Returning to DNR Capital's research, typically a cheap blue chip in Australia is the one that offers a high yield, hence DNR's stock selection remained limited to the high yielders inside the ASX20.

In the words of DNR Capital, "the results were stark".

The Dogs of the ASX20 would have underperformed by circa -60 basis points over the ten years up until late 2018. Over the prior five years, that underperformance blew out to no less than -560 basis points.

Over the past year (2018), total return -even with the high yield and including special dividends- was a negative -7.3%. To which a cheeky DNR adds "fees excluded".

Year to date, meaning we started buying on December 31st last year and held onto the shares until the final day of September (when the analysis was concluded), the underperformance versus the broader market was yet another -2%.

On DNR's calculations, holding ANZ Bank ((ANZ)), BHP Group ((BHP)), CommBank ((CBA)), National Australia Bank ((NAB)), Rio Tinto ((RIO)), Scentre Group ((SCG)), Suncorp ((SUN)), Westpac ((WBC)), Wesfarmers ((WES)) and Woodside Petroleum ((WPL)) -the Dogs of the ASX20 at the end of last year- would have delivered 3% in additional income, including franking, but -5% less in capital growth.

One more additional insight from the DNR research: Over the last five years, yields from Materials and Energy companies have substantially increased, whilst for Consumer Discretionary, Utilities, Telstra ((TLS)) and Industrials companies, dividends have significantly declined.

And as I have been warning since the recent August reporting season: dividends from resources companies are now under threat because of lower commodity prices, plus the expectation that higher-for-longer iron ore prices won't be sustained.


Janus Henderson also released some research on dividends recently.
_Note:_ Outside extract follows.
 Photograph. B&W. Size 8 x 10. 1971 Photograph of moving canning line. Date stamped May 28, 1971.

On its numbers, total dividends paid out to shareholders hit an all-time record high in the US during the September quarter, while shareholders in Canada and Japan enjoyed record receipts for the quarter.
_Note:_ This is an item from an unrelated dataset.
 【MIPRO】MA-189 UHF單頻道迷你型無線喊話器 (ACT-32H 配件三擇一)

Now for the not so good news. Both Australia and China revealed their weakness throughout Q3. Shareholders in Australia were hit with a noticeable decline in dividends.

In China, nearly half of all companies in the index reduced their payout. In aggregate, there was still modest growth in Chinese dividends paid out, but that was dependent on large increases by two companies, reports the wealth manager.

In Australia, two out of every five companies in the index has been cutting dividends. Total dividends paid out have dropped to $18.6bn which, on Janus Henderson's numbers, represents the lowest pay out in US dollar terms since Q3 2010. Underlying, the decline was -5.9%.

It is Janus Hendersons' assessment that Australian companies have the lowest dividend cover in the world among the bigger economies. The direct consequence of this is that when the economy lands in a rough patch, corporate profitability goes backwards and without a sufficient buffer, those dividends cannot be maintained.

In similar vein, income investors in China feel more pain in the short term when economic adversity hits due to the fact that many companies in China have adopted a fixed payout-ratio policy.

Outside Australia, reports Janus Henderson, growth in dividends is slowing. The deceleration started in Q2 this year, continued in Q3 and is likely to slow further in 2020 as the global economic environment remains challenging. For the whole of calendar year 2019, Janus Henderson is sticking by its estimate that US$1.43trn will be paid out to shareholders globally. This would mark an increase at the headline of 3.9%, but underlying growth looks more like 5.4%.

While this is down from 8.5% underlying growth in 2018, it will still mark the tenth consecutive year of underlying growth in global dividends. Janus Henderson doesn't seem too worried about 2020, forecasting further slowing, but still growth in global dividends.

No specific forecast was given for Australia, but I think we can safely predict the picture for income investors in ASX-listed companies continues to look treacherous.